Data supplied:
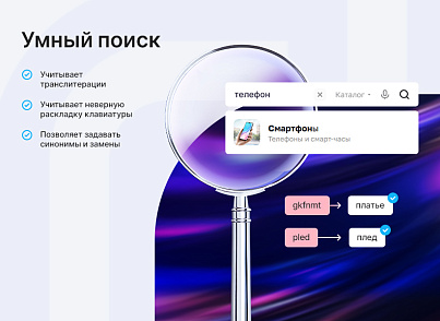 Увеличивайте средний чек и удовлетворенность пользователей благодаря Аспро: Умный поиск. Это модуль с расширенными возможностями поиска товаров, услуг и информации на сайте. Учитывает неправильную раскладку клавиатуры и транслитерацию. Позволяет задавать синонимы и замены для ключевых слов.
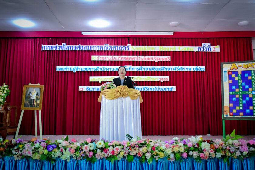 วันที่ 12 ธันวาคม 2568 นางรัตติกร ทองเนตร ผู้อำนวยการสำนักงานเขตพื้นที่การศึกษามัธยมศึกษาศรีสะเกษ ยโสธร มอบหมายให้ นางแสงเดือน เฉื่อยฉ่ำ รองผู้อำนวยการสำนักงานเขตพื้นที่การศึกษามัธยมศึกษาศรีสะเกษ ยโสธร เป็นประธาน พิธีเปิดการแข่งขันต่อสมการคณิตศาสตร์ Nomklow Board Game 2025 ครั้งที่ 2 ชิงถ้วยรางวัลเกียรติยศ นายสิริพงศ์ อังคสกุลเกียรติ โฆษกประจำสำนักนายกรัฐมนตรี และนางรัตติกร ทองเนตร ผู้อำนวยการสำนักงานเขตพื้นที่การศึกษามัธยมศึกษาศรีสะเกษ ยโสธร และทุนการศึกษา ประจำปีการศึกษา 2568 ณ หอประชุมโรงเรียนสิริเกศน้อมเกล้า อำเภอเมืองศรีสะเกษ จังหวัดศรีสะเกษ
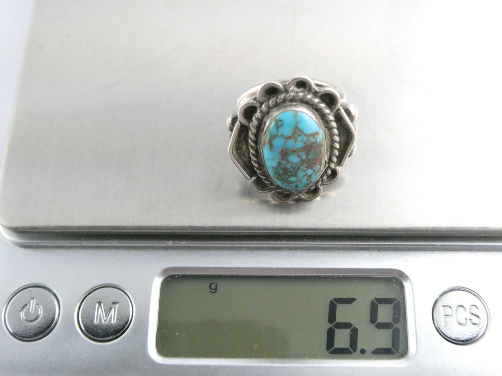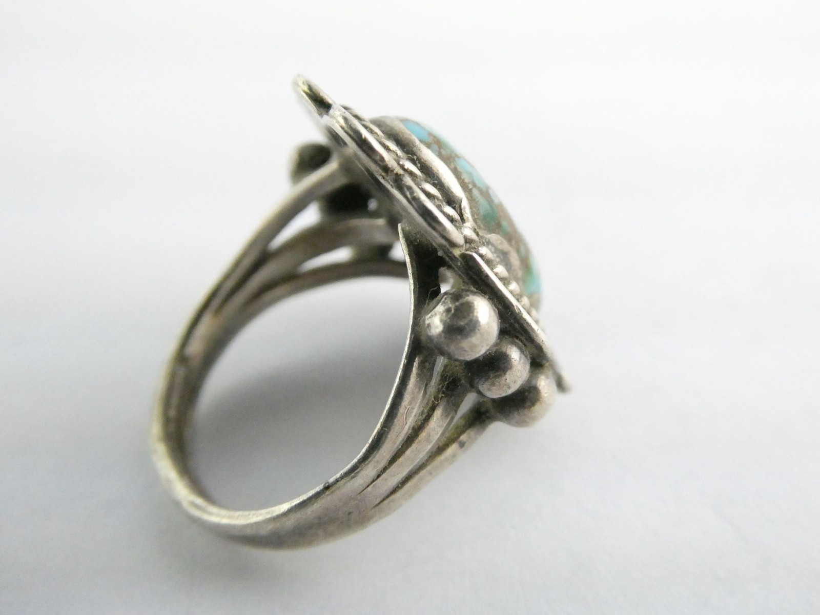 как выглядит Vintage Southwestern Unsigned Sterling Silver Turquoise Cabochon Ring Size 6.25 фото
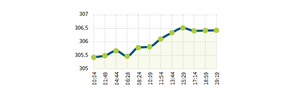 Az euró jegyzése 306,48 forintra erősödött este fél hétre a reggeli 305,65 forintról. Az euró napközben 305,35 és 306,83 forint között mozgott.
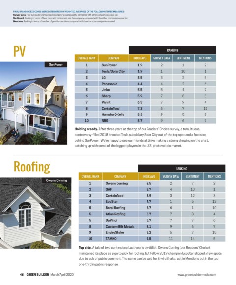 maintained its place as a go-to pick for roofing, but fellow 2019 champion EcoStar slipped a few spots
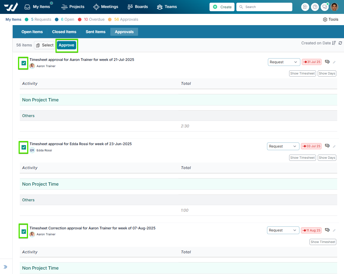 This feature is particularly useful for managers handling a high volume of timesheet approvals.
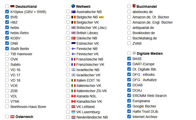 Der KVK ist eine Meta-Suchmaschine, mit der Sie gleichzeitig in allen Bibliotheksverbünden weltweit, in Buchhandelsverzeichnissen und Suchmaschinen wie Google Scholar nach Literatur, Noten und digitalen Medien suchen können. Sie eignet sich besonders, um frei verfügbare digitale Texte und Noten aufzufinden.

What you need to do:
Leave out the pictures, then return every line of the data exactly.

Response area:
 Увеличивайте средний чек и удовлетворенность пользователей благодаря Аспро: Умный поиск. Это модуль с расширенными возможностями поиска товаров, услуг и информации на сайте. Учитывает неправильную раскладку клавиатуры и транслитерацию. Позволяет задавать синонимы и замены для ключевых слов.
 วันที่ 12 ธันวาคม 2568 นางรัตติกร ทองเนตร ผู้อำนวยการสำนักงานเขตพื้นที่การศึกษามัธยมศึกษาศรีสะเกษ ยโสธร มอบหมายให้ นางแสงเดือน เฉื่อยฉ่ำ รองผู้อำนวยการสำนักงานเขตพื้นที่การศึกษามัธยมศึกษาศรีสะเกษ ยโสธร เป็นประธาน พิธีเปิดการแข่งขันต่อสมการคณิตศาสตร์ Nomklow Board Game 2025 ครั้งที่ 2 ชิงถ้วยรางวัลเกียรติยศ นายสิริพงศ์ อังคสกุลเกียรติ โฆษกประจำสำนักนายกรัฐมนตรี และนางรัตติกร ทองเนตร ผู้อำนวยการสำนักงานเขตพื้นที่การศึกษามัธยมศึกษาศรีสะเกษ ยโสธร และทุนการศึกษา ประจำปีการศึกษา 2568 ณ หอประชุมโรงเรียนสิริเกศน้อมเกล้า อำเภอเมืองศรีสะเกษ จังหวัดศรีสะเกษ
 как выглядит Vintage Southwestern Unsigned Sterling Silver Turquoise Cabochon Ring Size 6.25 фото
 Az euró jegyzése 306,48 forintra erősödött este fél hétre a reggeli 305,65 forintról. Az euró napközben 305,35 és 306,83 forint között mozgott.
 maintained its place as a go-to pick for roofing, but fellow 2019 champion EcoStar slipped a few spots
 This feature is particularly useful for managers handling a high volume of timesheet approvals.
 Der KVK ist eine Meta-Suchmaschine, mit der Sie gleichzeitig in allen Bibliotheksverbünden weltweit, in Buchhandelsverzeichnissen und Suchmaschinen wie Google Scholar nach Literatur, Noten und digitalen Medien suchen können. Sie eignet sich besonders, um frei verfügbare digitale Texte und Noten aufzufinden.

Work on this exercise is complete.